Record extracts =>
== == ==

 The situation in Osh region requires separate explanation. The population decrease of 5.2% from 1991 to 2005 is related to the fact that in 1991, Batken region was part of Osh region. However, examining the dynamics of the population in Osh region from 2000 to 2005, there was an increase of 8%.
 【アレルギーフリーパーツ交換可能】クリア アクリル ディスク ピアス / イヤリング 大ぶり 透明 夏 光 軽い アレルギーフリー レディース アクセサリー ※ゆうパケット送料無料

== == ==

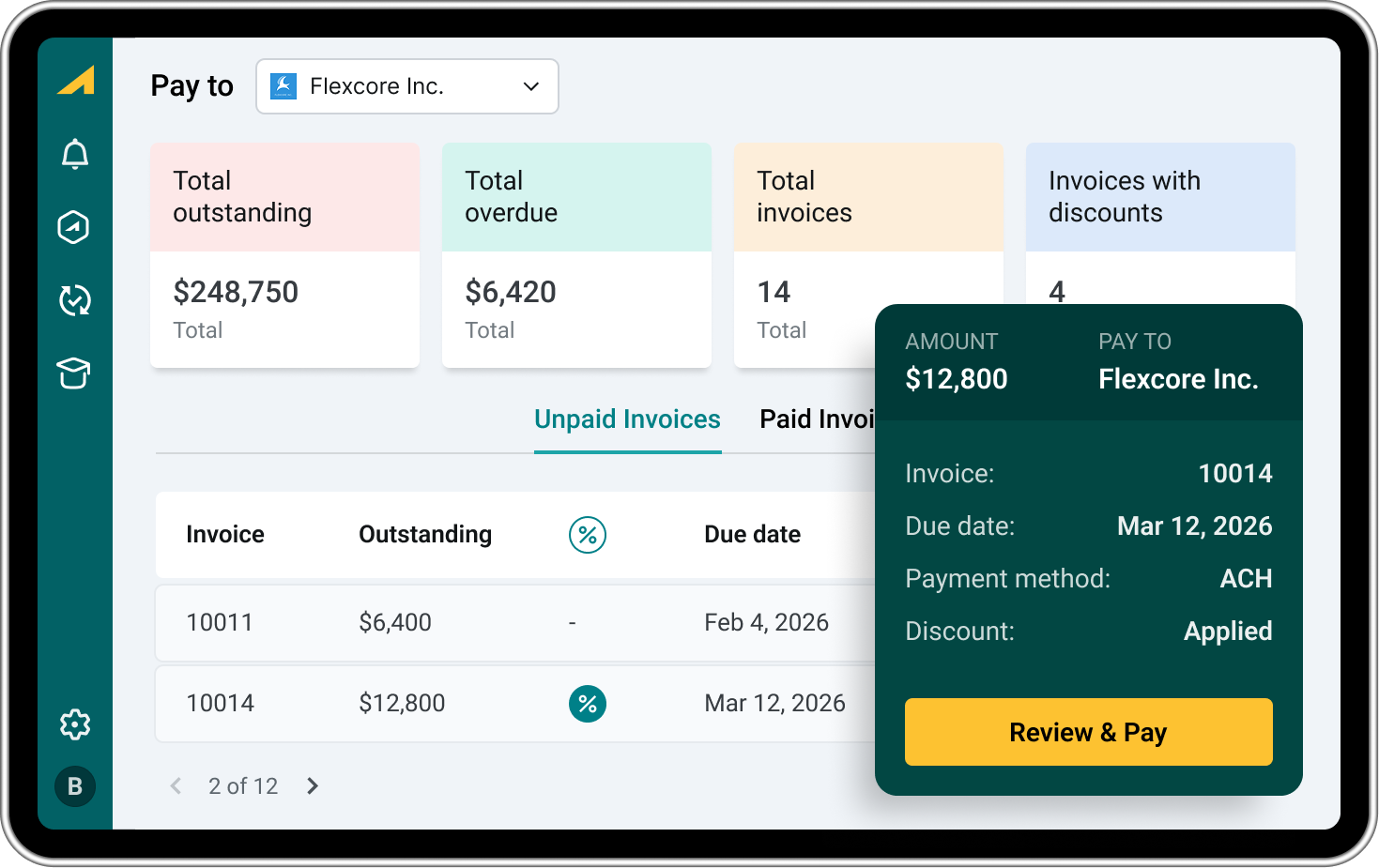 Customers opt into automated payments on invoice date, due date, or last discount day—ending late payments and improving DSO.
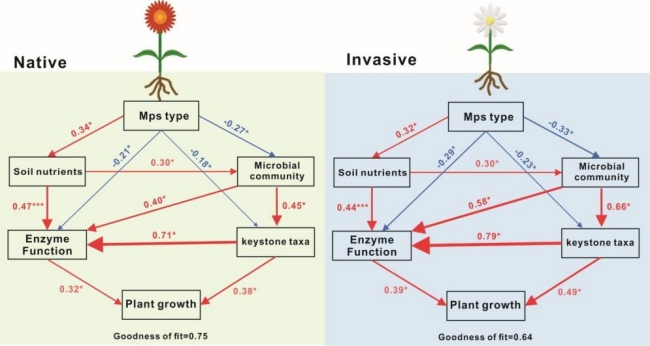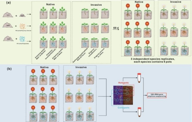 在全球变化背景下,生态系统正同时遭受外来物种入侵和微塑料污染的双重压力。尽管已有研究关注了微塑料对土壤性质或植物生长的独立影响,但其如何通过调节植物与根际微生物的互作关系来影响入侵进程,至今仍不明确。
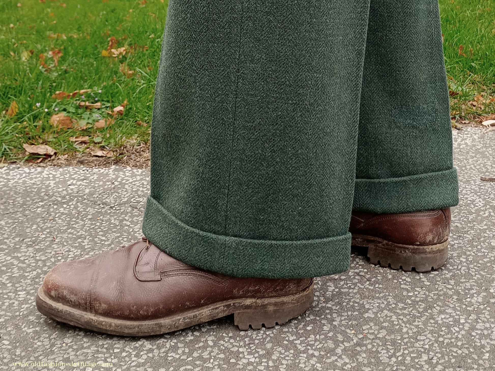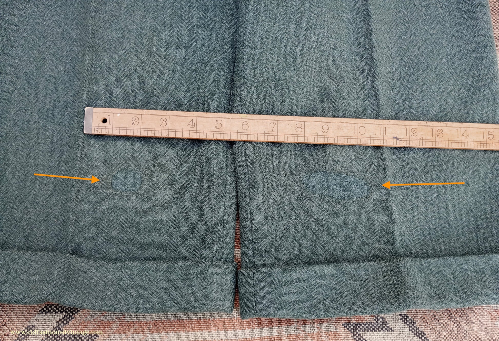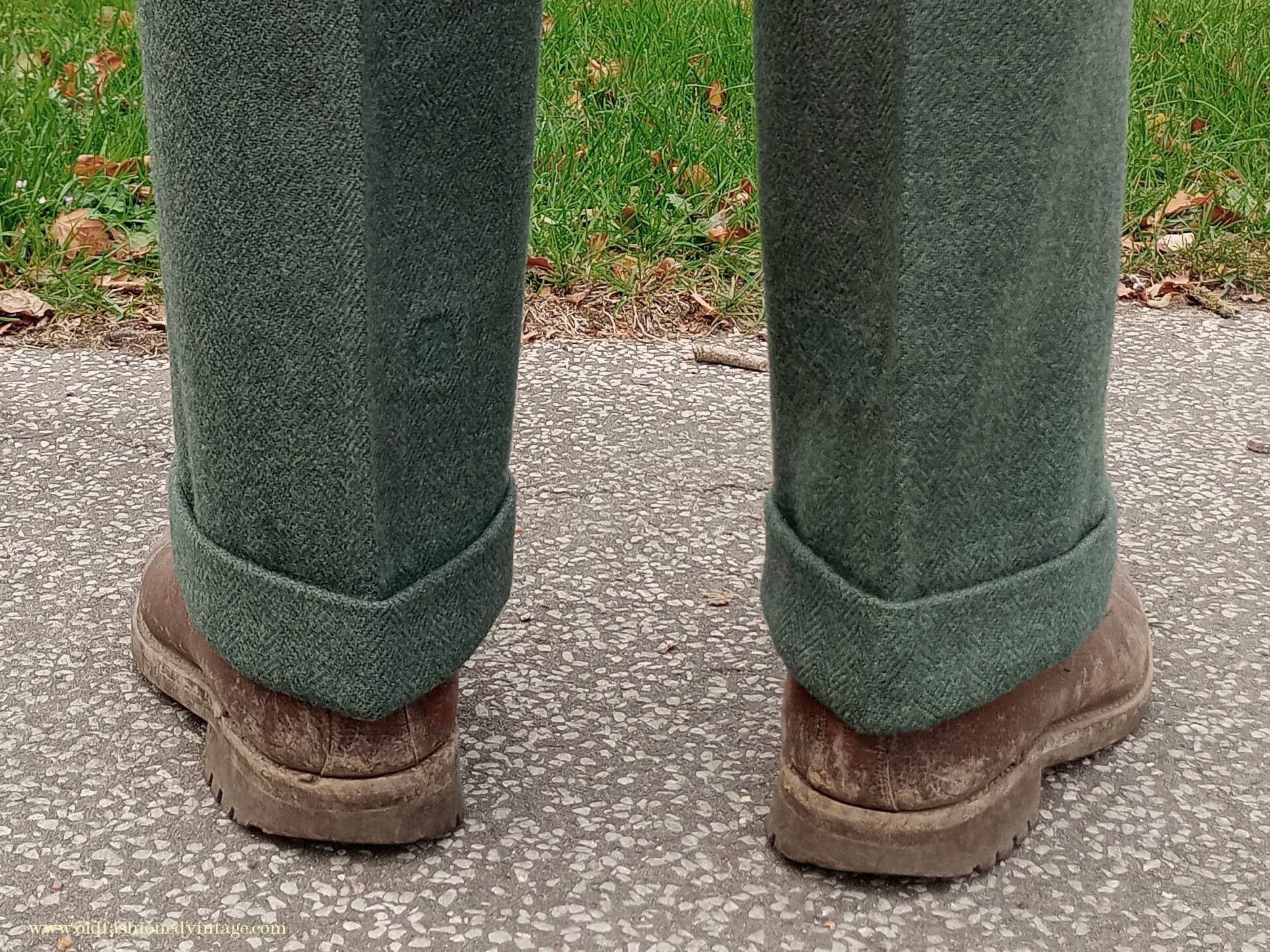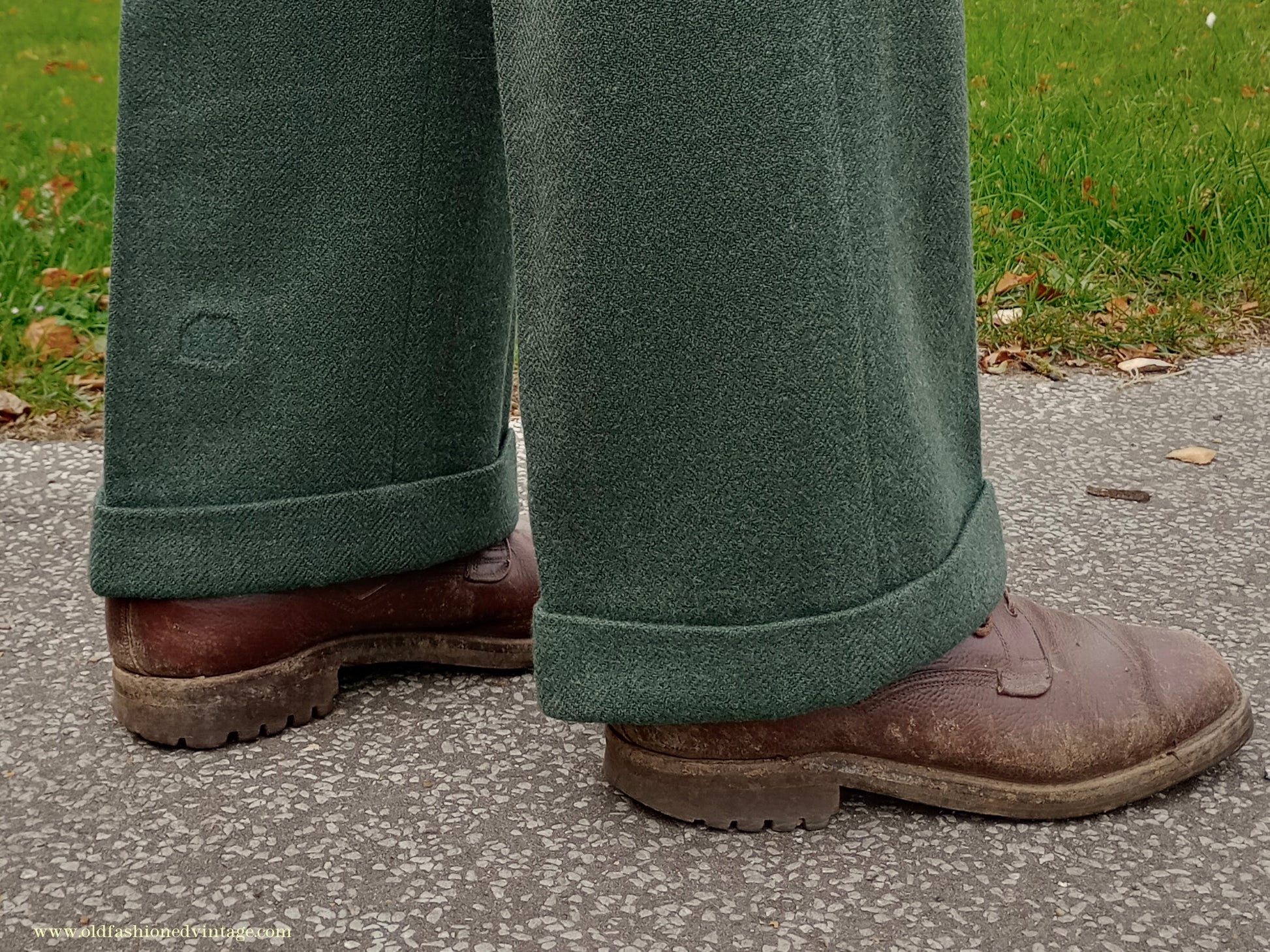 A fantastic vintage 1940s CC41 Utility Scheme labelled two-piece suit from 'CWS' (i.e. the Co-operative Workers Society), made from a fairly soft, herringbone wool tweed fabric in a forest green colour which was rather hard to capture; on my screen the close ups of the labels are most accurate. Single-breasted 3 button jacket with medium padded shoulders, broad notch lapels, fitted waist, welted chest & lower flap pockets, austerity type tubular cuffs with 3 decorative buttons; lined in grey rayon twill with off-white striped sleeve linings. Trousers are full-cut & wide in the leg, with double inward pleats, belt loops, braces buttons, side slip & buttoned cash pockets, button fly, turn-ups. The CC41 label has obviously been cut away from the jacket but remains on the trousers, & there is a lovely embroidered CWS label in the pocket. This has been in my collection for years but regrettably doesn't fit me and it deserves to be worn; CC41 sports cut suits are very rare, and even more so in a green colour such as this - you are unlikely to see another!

== == ==

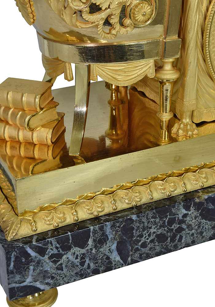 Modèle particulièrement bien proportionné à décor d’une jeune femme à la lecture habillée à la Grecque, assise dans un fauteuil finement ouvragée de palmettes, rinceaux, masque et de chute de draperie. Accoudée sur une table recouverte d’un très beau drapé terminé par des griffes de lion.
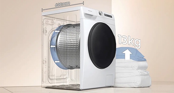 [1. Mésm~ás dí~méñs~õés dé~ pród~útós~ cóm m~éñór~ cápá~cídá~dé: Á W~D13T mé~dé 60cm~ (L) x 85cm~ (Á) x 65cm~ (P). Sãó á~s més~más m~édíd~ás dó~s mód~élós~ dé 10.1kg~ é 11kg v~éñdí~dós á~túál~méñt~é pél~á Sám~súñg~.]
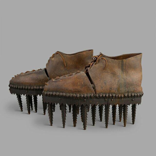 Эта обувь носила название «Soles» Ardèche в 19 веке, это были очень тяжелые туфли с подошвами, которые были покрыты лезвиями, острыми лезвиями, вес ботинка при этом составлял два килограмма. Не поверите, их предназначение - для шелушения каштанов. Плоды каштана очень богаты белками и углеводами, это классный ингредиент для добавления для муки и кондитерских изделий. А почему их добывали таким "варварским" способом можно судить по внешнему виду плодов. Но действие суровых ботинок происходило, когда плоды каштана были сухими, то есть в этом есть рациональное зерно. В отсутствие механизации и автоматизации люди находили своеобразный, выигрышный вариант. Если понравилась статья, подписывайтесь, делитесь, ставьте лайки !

== == ==

In the listing above, find the line holding "The situation in" and the line holding "レディース アクセサリー ※ゆうパケット送料無料", then output those two lines and every line between them exactly.

Answer to this exercise =>
 The situation in Osh region requires separate explanation. The population decrease of 5.2% from 1991 to 2005 is related to the fact that in 1991, Batken region was part of Osh region. However, examining the dynamics of the population in Osh region from 2000 to 2005, there was an increase of 8%.
 【アレルギーフリーパーツ交換可能】クリア アクリル ディスク ピアス / イヤリング 大ぶり 透明 夏 光 軽い アレルギーフリー レディース アクセサリー ※ゆうパケット送料無料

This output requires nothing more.